I funghi epifiti crescono sulla superficie di piante vive, dove possono anche moltiplicarsi. Diversamente da quanto accade per le tipiche malattie fungine del melo – ticchiolatura e oidio – i funghi epifiti non penetrano nel tessuto vegetale, ma rimangono sulla superficie esterna del frutto e non sono quindi da considerarsi patogeni diretti. Sebbene i danni insorgano in misura massiva durante lo stoccaggio, lo sviluppo della fumaggine può essere contenuto in ogni fase di produzione con una difesa mirata.
Risolvere e studiare la problematica delle fumaggini delle mele sia in Emilia-Romagna sia in Alto Adige (due tra i principali distretti produttivi), con l’obiettivo di elaborare adeguate strategie di controllo, è interesse comune a Rinova e al Centro di Sperimentazione di Laimburg. In entrambi gli areali esistono esperienze pregresse su pratiche e studi sugli epifiti. In particolare, Laimburg ha studiato la tematica in modo approfondito dal punto di vista fitopatologico delle contromisure sia in campo sia in postraccolta.
Se n'è parlato all'ultimo workshop, organizzato dal Gruppo di lavoro sul postraccolta di Rinova presso il Centro di Laimburg, dal titolo “Il controllo delle fumaggini in pre e post raccolta: le esperienze della ricerca e del comparto tecnico” realizzato nell'ambito del progetto Ocm "Sviluppo di innovazioni bio-tecnologiche nel settore post raccolta frutta".

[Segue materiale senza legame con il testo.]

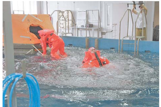
В условиях, максимально приближенных к реальным.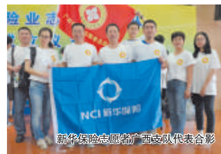
新华保险志愿者广西支队代表合影

2017年，经过广西分公司积极申请，新华保险关爱全国环卫工人大型公益活动在广西南宁落地，共为南宁市1.6万名环卫工人争取到了

Prospettive fitopatologiche sugli epifiti
Le fumaggini sono considerate epifiti, cioè funghi adattati a vivere sulla superficie della pianta, in particolare foglie e frutti, e quindi sono organismi poco esigenti - ha spiegato Sabine Oettl del del gruppo di lavoro Fitopatologia presso il Centro di Sperimentazione Laimburg -. Nei frutti inoltre con la maturazione, che inizia già sull’albero e che prosegue anche in conservazione, aumentano nella buccia le cere, gli zuccheri e gli acidi organici disponibili per nutrire tali microrganismi che quindi crescono esponenzialmente creando la tipica patina biancastra o scura se c’è melanina nel micelio che usa per proteggersi dai raggi UV.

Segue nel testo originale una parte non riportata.